**REQUIREMENT**
A single stretch of the material below is to be transcribed exactly, starting at the line with "Nam Định. |" and ending after the line with "红色新年植绒蝴蝶结毛球耳钉小众高级感耳饰过年结婚小众高级耳环".

**STORED DATA**
****
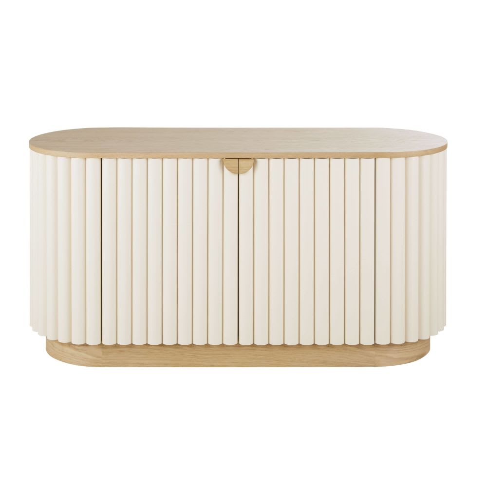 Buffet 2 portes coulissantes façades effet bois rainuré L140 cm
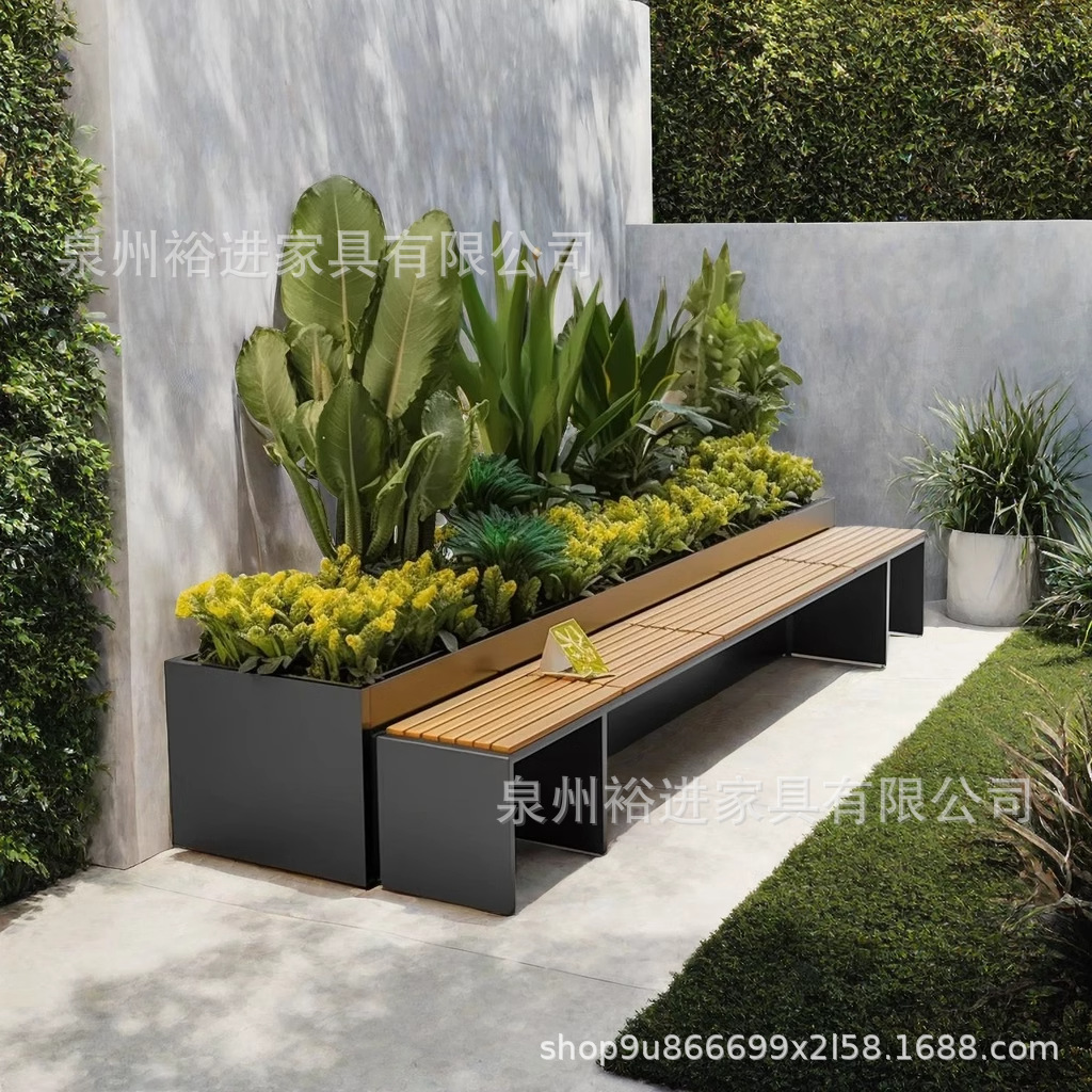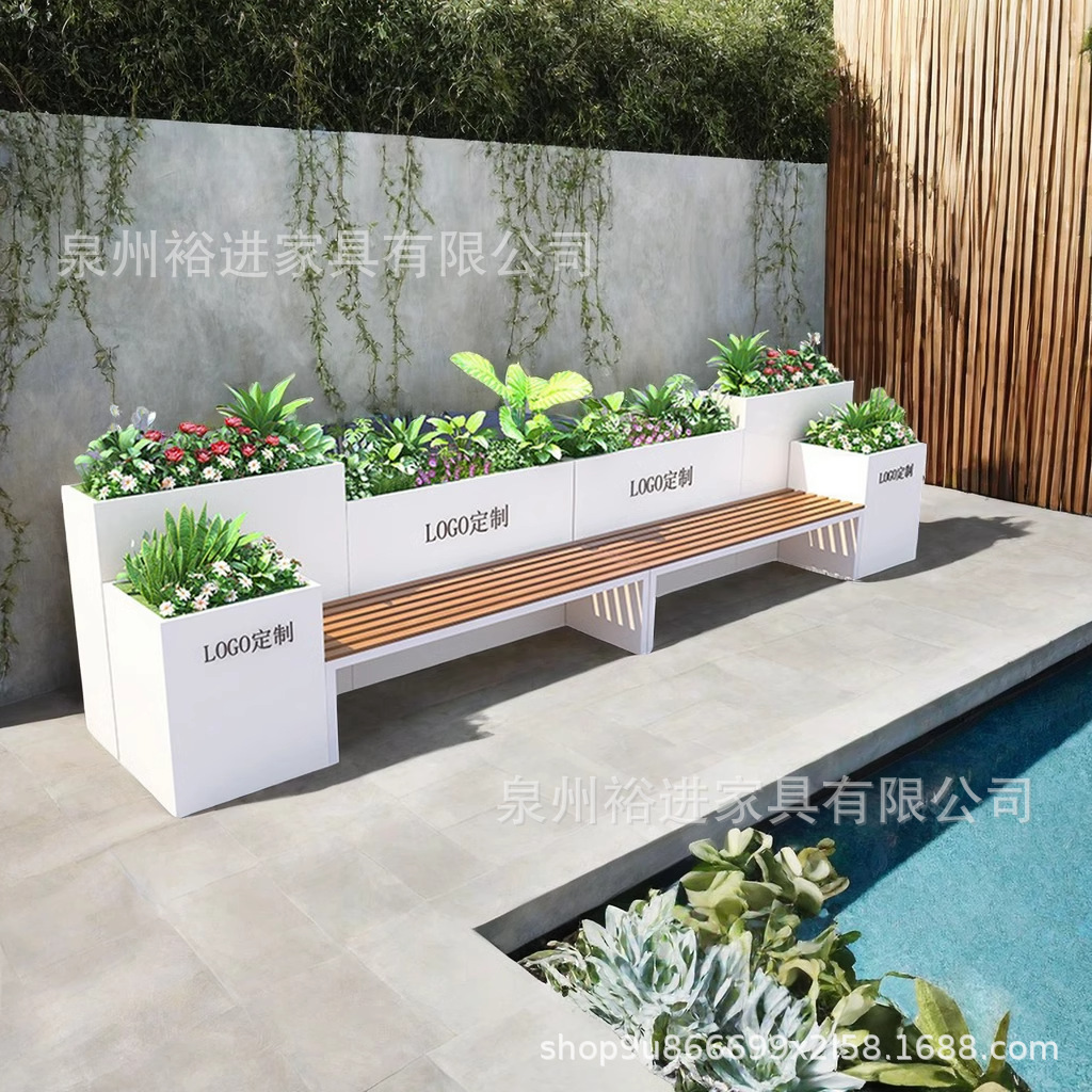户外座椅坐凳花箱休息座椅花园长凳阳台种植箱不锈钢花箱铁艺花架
****
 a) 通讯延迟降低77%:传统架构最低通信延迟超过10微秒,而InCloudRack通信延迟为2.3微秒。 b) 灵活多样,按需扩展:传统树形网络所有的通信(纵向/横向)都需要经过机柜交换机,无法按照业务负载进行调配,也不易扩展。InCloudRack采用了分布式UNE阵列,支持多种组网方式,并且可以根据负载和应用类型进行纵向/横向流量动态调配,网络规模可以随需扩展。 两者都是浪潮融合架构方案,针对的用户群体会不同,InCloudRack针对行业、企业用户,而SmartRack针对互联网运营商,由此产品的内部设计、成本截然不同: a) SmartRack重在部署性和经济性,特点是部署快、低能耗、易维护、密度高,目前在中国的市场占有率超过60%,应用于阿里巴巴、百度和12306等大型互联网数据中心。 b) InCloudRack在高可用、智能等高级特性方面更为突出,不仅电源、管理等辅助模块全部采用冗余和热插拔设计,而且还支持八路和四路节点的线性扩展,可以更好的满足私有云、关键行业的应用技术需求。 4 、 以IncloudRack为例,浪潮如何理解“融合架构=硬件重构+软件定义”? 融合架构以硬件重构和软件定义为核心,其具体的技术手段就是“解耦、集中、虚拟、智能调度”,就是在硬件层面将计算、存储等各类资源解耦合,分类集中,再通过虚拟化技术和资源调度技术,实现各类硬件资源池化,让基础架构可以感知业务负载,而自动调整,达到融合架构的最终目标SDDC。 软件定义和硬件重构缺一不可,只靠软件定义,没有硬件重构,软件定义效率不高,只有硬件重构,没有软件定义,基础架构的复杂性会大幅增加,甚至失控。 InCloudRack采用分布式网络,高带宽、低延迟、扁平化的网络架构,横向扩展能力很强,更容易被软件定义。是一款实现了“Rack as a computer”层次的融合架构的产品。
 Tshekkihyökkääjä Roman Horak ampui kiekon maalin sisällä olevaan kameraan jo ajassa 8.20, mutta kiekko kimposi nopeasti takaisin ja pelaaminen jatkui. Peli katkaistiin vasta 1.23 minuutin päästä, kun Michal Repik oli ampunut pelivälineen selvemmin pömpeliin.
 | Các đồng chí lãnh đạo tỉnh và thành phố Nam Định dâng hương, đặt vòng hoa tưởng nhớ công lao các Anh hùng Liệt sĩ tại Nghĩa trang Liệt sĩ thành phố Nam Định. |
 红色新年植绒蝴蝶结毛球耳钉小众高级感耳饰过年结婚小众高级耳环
****
**YOUR SOLUTION**
 | Các đồng chí lãnh đạo tỉnh và thành phố Nam Định dâng hương, đặt vòng hoa tưởng nhớ công lao các Anh hùng Liệt sĩ tại Nghĩa trang Liệt sĩ thành phố Nam Định. |
 红色新年植绒蝴蝶结毛球耳钉小众高级感耳饰过年结婚小众高级耳环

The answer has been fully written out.